Teams Continue to Use the General Groin Landmark
For simplicity, I’ll share the four regions that groin experts consider to be part of the anatomy family, and I’ll include patterns occurring in sport.
- Adductor. This muscle group is a common problem for hockey and soccer athletes, although any sport can have issues here. At medical symposiums, there’s a lot of interest in how to treat this area.
- Abdominal. The abdominal region is a nebulous area, and the terminology used for describing associated problems are changing. Anytime name changes occur, we can interpret this to mean “we don’t know what is going on” and brace ourselves for frustrating times ahead.
- Hip Flexor. Muscle groups, including the psoas major (sometimes minor), that drive femoral flexion of the hip are considered hip flexors. With some athletes, locomotion with EMG shows that muscles in addition to the psoas major are used during the recovery phase.
- Hip Joint.
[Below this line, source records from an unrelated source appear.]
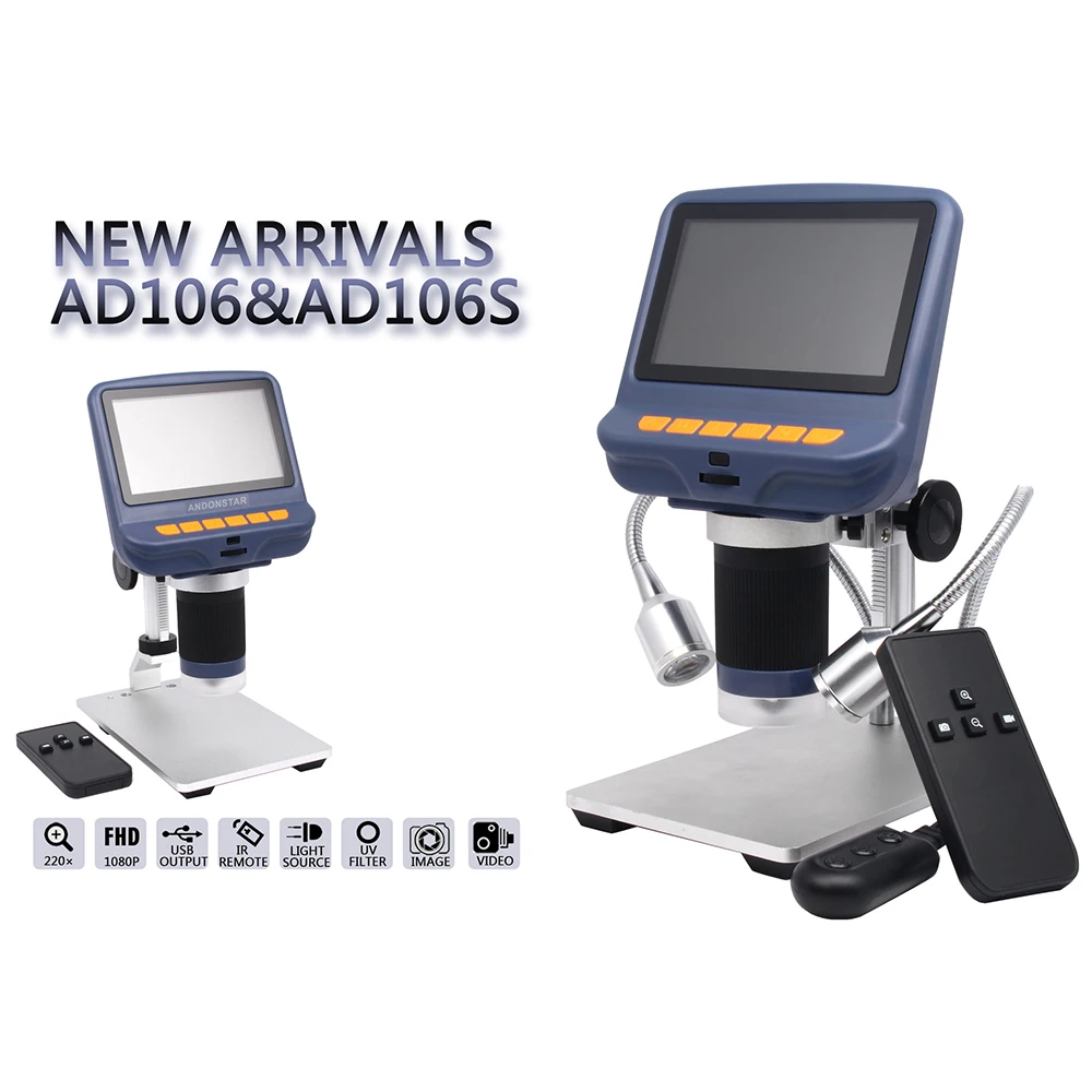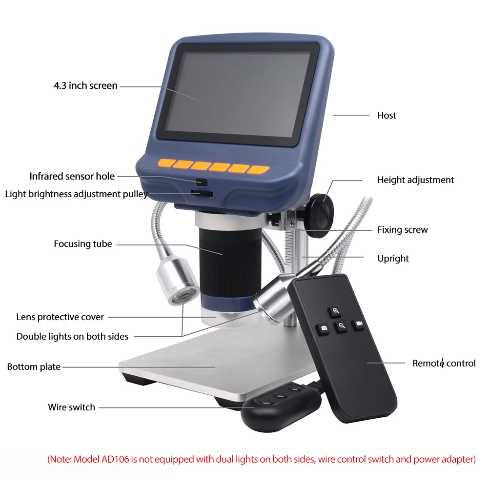 AD106S AD106 220X Цифровые микроскопы с 4,3 дюймов ЖК-дисплей Дисплей для электронных пайки телефон ремонт часовХарактеристика:Инфракрасный пульт дистанционного управления: он принимает инфракрасную индукционную конструкцию, которая очень удобна для вас, чтобы управлять с помощью пульта дистанционного управления.УФ-фильтр: стеклянный Ультрафиолетовый фильтр не только защищает объектив от высокой температуры и дыма, но и уменьшает отражение.Регулируемый фокус и светодиодный светильник: Фокусировка и яркость 8 светодиодный ных ламп могут регулироваться ручкой по мере необходимости.Широкий диапазон применения: увеличение до 220X, который используется для ремонта печатных плат, идентификации ювелирных изделий, наблюдения за насекомыми, обучения и исследований и т. д.Спецификация:Модель: AD106S (с 2 лампами на базе, с кабелем переключения), AD106 (опционально)Материал: ABS + SSДатчик изображения: высококачественный HD ДатчикВидеовыход: 1280P (full HD), 720P (HD)Увеличение: до 220x (непрерывный зум)Формат видео: AVIФормат изображения: JPEGРазрешение изображения: 1280*720P-4032*3024PДиапазон фокусировки: 2 ~ 10,5 смЧастота кадров: 30 кадров в секундуUsb-порт: USB 2,0Память: поддерживает карту памяти до 32 Гб (не входит в комплект)Источник питания: 5 В постоянного токаИсточник: светильник8 встроенных светодиодов и 2 светодиода на подставке (AD106S)8 встроенных светодиодов (AD106)Экран Размер: 4,3"Батарея дистанционного управления: батарейка CR2025 (не входит в комплект)Размер стенда: 19,5*16*10 смПримечание:Возможны незначительные отклонения в размере из-за ручного измерения, различных методов измерения и инструментов.Изображение может не отражать фактический цвет изделия из-за различного фотографирования светильник, угол и монитор.Посылка включает в себя:AD106S1 X микроскоп1 металлическая подставка (с 2 лампами)1 пульт дистанционного управления1 х Кабель питания1 х USB кабель1 х адаптер питания1 х УФ-фильтр1 X клейкая лента1 х РуководствоAD1061 X микроскоп1 X металлическая подставка (без подсветки)1 пульт дистанционного управления1 х USB кабель1 х УФ-фильтр1 X клейкая лента1 х Руководство
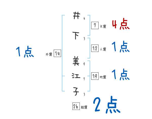 天運![]() | 井下美江子さんの天運は7画の4つ星!強い意志や信念を持ち独立心が強い。自立する。 家系が持つ宿命的な運勢を表します。祖先から受け継いだ苗字ですので自分の力が及びません。家柄を象徴します。 |
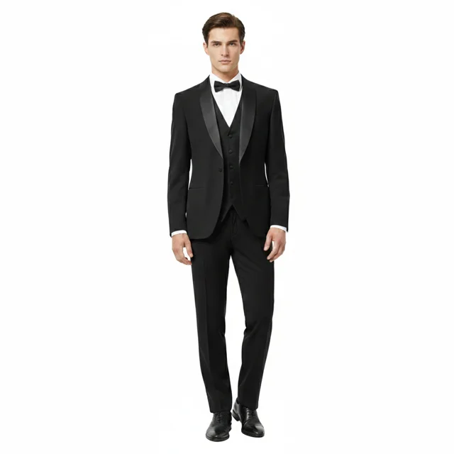 کت و شلوار مجلسی دامادی تک دکمه با یقه شال ساتن، مناسب آقایان خاص و خوش‌سلیقه. طراحی شیک و کلاسیک این لباس، ظاهری منحصر به فرد و رسمی به شما می‌بخشد و برای مراسم‌های مهم بهترین انتخاب است. راحتی و زیبایی در کنار هم.
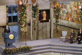 マチャド氏不在の中で開かれたノーベル平和賞授賞式=2025年12月、オスロ(共同)
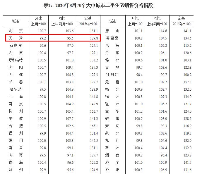另外,国家统计局近日刚刚发布的2020年8月份70个大中城市二手住宅销售价格指数,天津环比下跌0.8%,同比去年8月份下跌4.5%。
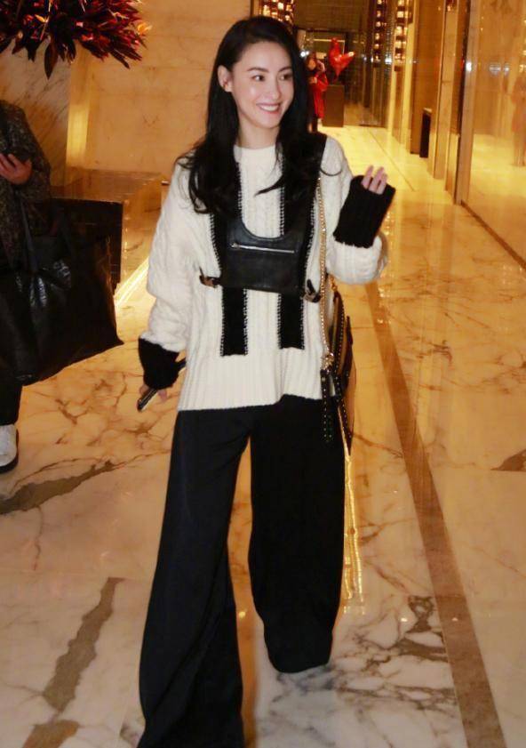 下半身搭配超长款黑色阔腿裤,将她的双腿拉长到了圆满的状态。她可谓美肌大长腿的代表。她走起路来,带着强大的自信和气势。黑白的碰撞也让整体愈加调和。
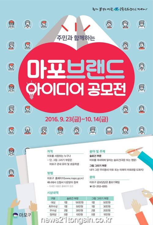 구는 주민들의 다양한 의견과 참신한 아이디어를 통합 브랜드 개발 과정에 반영하고자 이번 ‘마포브랜드 아이디어 공모전’을 실시하며 슬로건 부문과 그림 그리기 부문으로 나눠 진행하기로 했다.
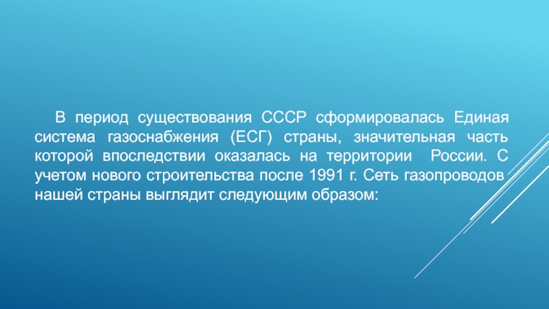 Слайд 72В период существования СССР сформировалась Единая система газоснабжения (ЕСГ) страны,
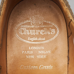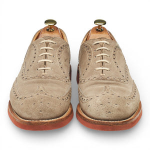 Church's 'Downton' brogues in sand suede. In very good used condition, showing moderate signs of wear.
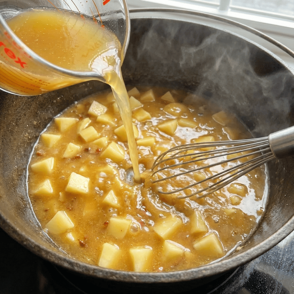 Step 3: Simmer the Potatoes. Gradually whisk in the chicken broth, ensuring no lumps remain. Add the diced potatoes, thyme, salt, and pepper. Bring to a boil, then reduce heat to a simmer. Cook, uncovered, for 15-20 minutes, or until the potatoes are very tender.
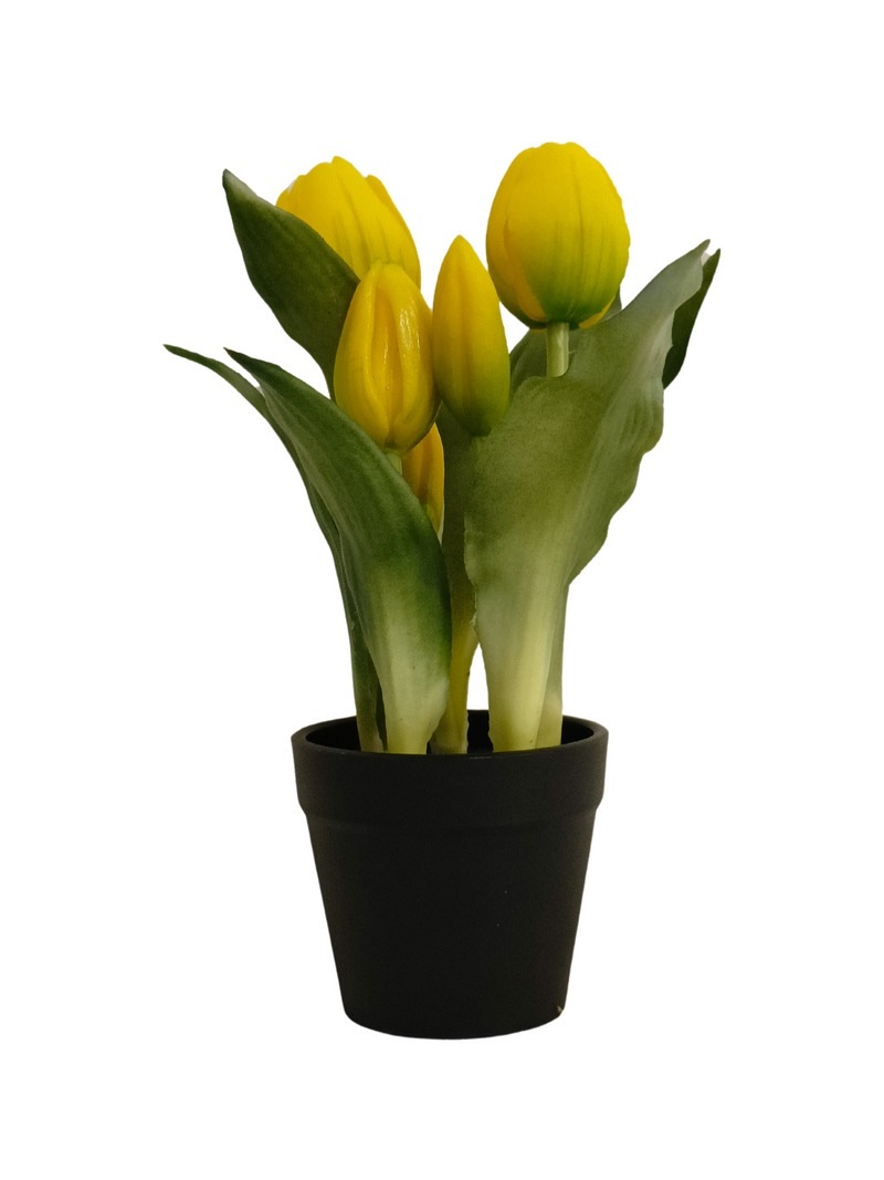 YELLOW TULIP PLANT WITH BLACK POT - TABLE SIZE [FAKE]

Labrums are all the rage now. When an athlete complains of deep pain in the pelvis, they feel pressured to seek treatment. I have one athlete with systemic inflammation who felt pain during heavy academic periods, usually in late season of his sport. Our first fear was hip problems. I used blood analysis and Heart Rate Variability (HRV) monitoring and clearly saw his sleep and study balance was disrupted. He needed more rest.
I follow the parameters given by medical professionals and have room to experiment and train. I don’t like working with someone without a very precise diagnosis. By this, I mean specific location and etiology.
And this is the solution. We must obtain a complete and confident assessment of the injury location and etiology. Simply labeling anything above the knee and below the navel as the groin is not useful.
I’m amazed how much “groin” tagging occurs with medical athlete monitoring system (AMS) data. And I’ve found it frightening when injury models from software vendors don’t use classic protocols that have passed the test of time. Willem van Mechelen provided great concepts that are useful now and were ahead of their time when he developed them. He used terminology that was very contemporary and appropriate.
Teams Don’t Plan Practices to Avoid Soft Tissue Injuries
David Tenney, director of performance and sports science with the Seattle Sounders, has shared his experience using simple player tracking data to visualize issues with deceleration (adductor and possible joint) and high-speed metrics that can show why athletes pull hamstrings.
While this system is binary and not very sophisticated, it’s a great place to start for teams when beginning to design their practices. I’ve seen a pattern develop from my team visits. Coaches struggle to meet the demands of tactical strategies while trying to harmonize practice with the physiological and musculoskeletal demands on their athletes.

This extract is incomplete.